What the finale reveals, season 13 was never really about treasure. It was about the moment when the search became something else entirely. The discovery of the shore chamber, the medieval timber, the carbon dating that places construction in the 1300s. These aren’t clues leading to a chest of gold.
They’re evidence of a hidden chapter in history, a secret that someone went to extraordinary lengths to protect.
>> This is definitively not modern.
So, we would comfortably put it in the 1700s.
>> Sweet.
>> Yeah. And it could potentially be older.
>> This completely changes the narrative of the series. It shifts attention from a straight down dig to a sideways mystery.
It connects the swamp, the shoreline, and the pit in ways nobody anticipated.

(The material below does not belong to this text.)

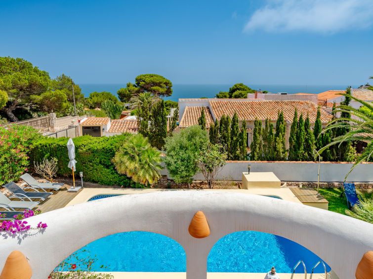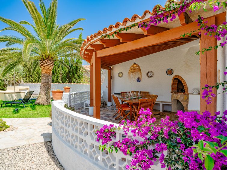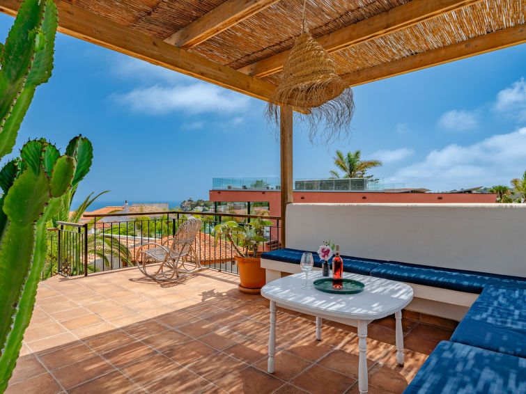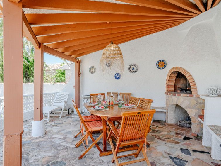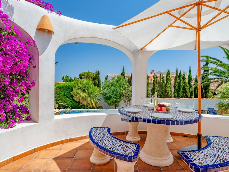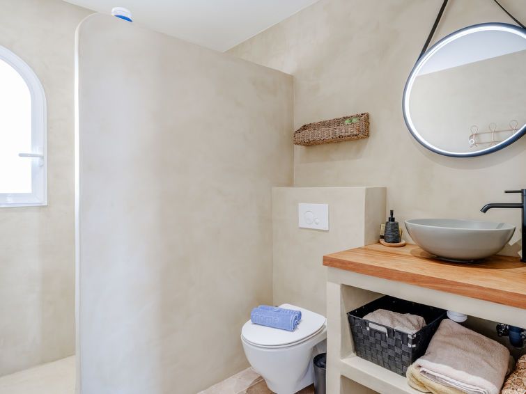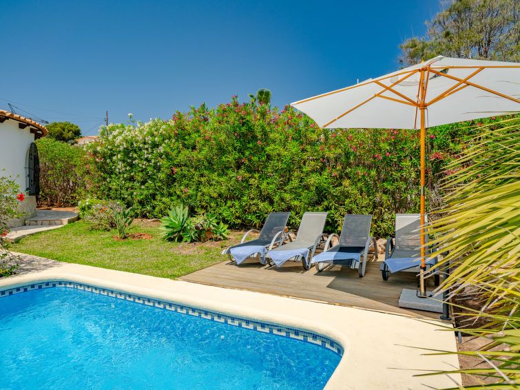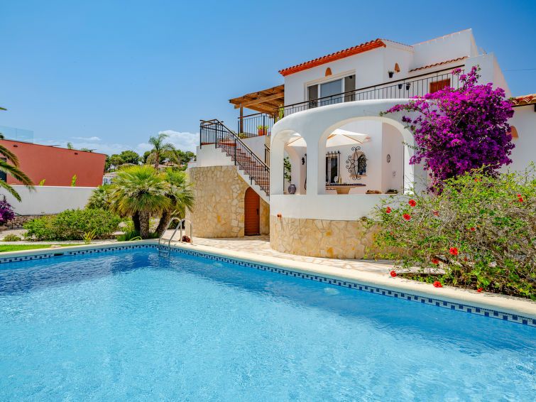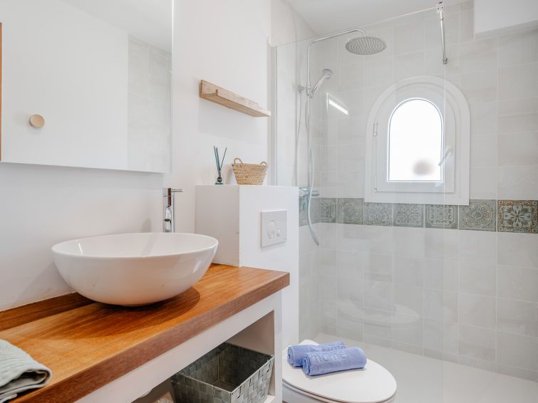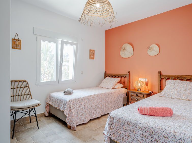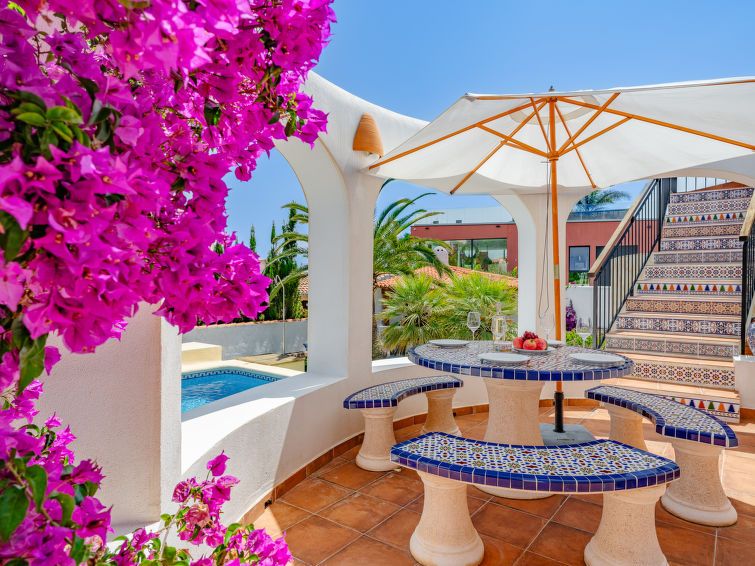 "Villa Los Amigos", 4-room house 250 m2 on 2 levels. Spacious and bright, very beautiful and stylish furnishings: living/dining room with satellite TV, air conditioning and forced-air heating. Exit to the patio, to the swimming pool. 1 room with 1 double bed (2 x 80 cm, length 200 cm), shower/WC, air conditioning and forced-air heating.

And it suggests the builders had a plan far more sophisticated than simply hiding a box. They were constructing an underground stronghold, a secure facility designed to protect something for centuries, something so valuable or so dangerous that it justified crossing an ocean to hide it in the most remote location they could find. on Oak Island may have started with Templars and then some of these participants were actually endeavored to keep it hidden for later generations to come back and find it. So there is now an imperative to try to understand uh the possibility of the Knights of Malta having something to do with the work done on Oak Island. The money pit was designed to fail. Every searcher who drilled down, who flooded out, who lost their fortune and sometimes their life, they were following a trail that was meant to lead nowhere. The real vault was hidden in plain sight beneath the shore, sealed away from the tides that destroyed everything else. Gary Drayton summed it up best, standing at the edge of the chamber opening as the sun set over Oak Island. 200 years of digging in the wrong bloody spot and the answer was right here the whole time. The finale won’t provide all the answers. It never does. But it will reveal enough to change the fundamental question. The mystery is no longer where is the treasure. The mystery is now what was so dangerous that medieval builders crossed an ocean to hide it and designed a trap that has killed six men trying to find it.
Season 13 brought the team closer to that answer than anyone has come in two centuries. And the finale will show just how close they got and what it nearly cost them. The seventh death has not yet come. But on Oak Island, the curse is patient.